Privacy-Preserving Data Publishing in Process Mining
This work is significant for organizations and researchers who need to analyze process data while adhering to privacy regulations, by providing a structured way to manage privacy transformations.
This paper addresses the challenge of publishing privacy-aware event data in process mining by formally defining anonymization operations and creating an infrastructure for recording privacy metadata. The authors propose a privacy extension for the XES standard and a general data structure for event data to facilitate this.

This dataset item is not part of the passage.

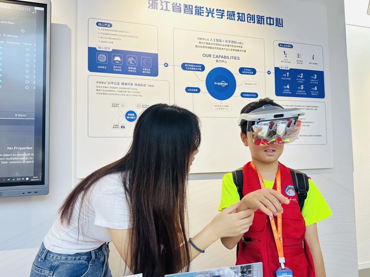 在启真大模型展区,小记者们与ai展开自然对话。"它能理解我的问题!"一位小记者兴奋地喊道。讲解员解释道,这类大模型技术正在医疗诊断、个性化教育等领域发挥着革命性作用。ar眼镜体验区传来阵阵惊叹,将活动推向高潮。小记者们通过虚实融合技术,"穿越"到数字工厂,身临其境地感受工业智能化的未来图景。在3d云阵相机前,大家争相体验"数字分身"技术,这项创新正在为数字经济发展注入新动能。"这里就像未来科技的孵化器。"一位小记者在参观笔记中写道。

Process mining aims to provide insights into the actual processes based on event data. These data are often recorded by information systems and are widely available. However, they often contain sensitive private information that should be analyzed responsibly. Therefore, privacy issues in process mining are recently receiving more attention. Privacy preservation techniques obviously need to modify the original data, yet, at the same time, they are supposed to preserve the data utility. Privacy-preserving transformations of the data may lead to incorrect or misleading analysis results. Hence, new infrastructures need to be designed for publishing the privacy-aware event data whose aim is to provide metadata regarding the privacy-related transformations on event data without revealing details of privacy preservation techniques or the protected information. In this paper, we provide formal definitions for the main anonymization operations, used by privacy models in process mining. These are used to create an infrastructure for recording the privacy metadata. We advocate the proposed privacy metadata in practice by designing a privacy extension for the XES standard and a general data structure for event data which are not in the form of standard event logs.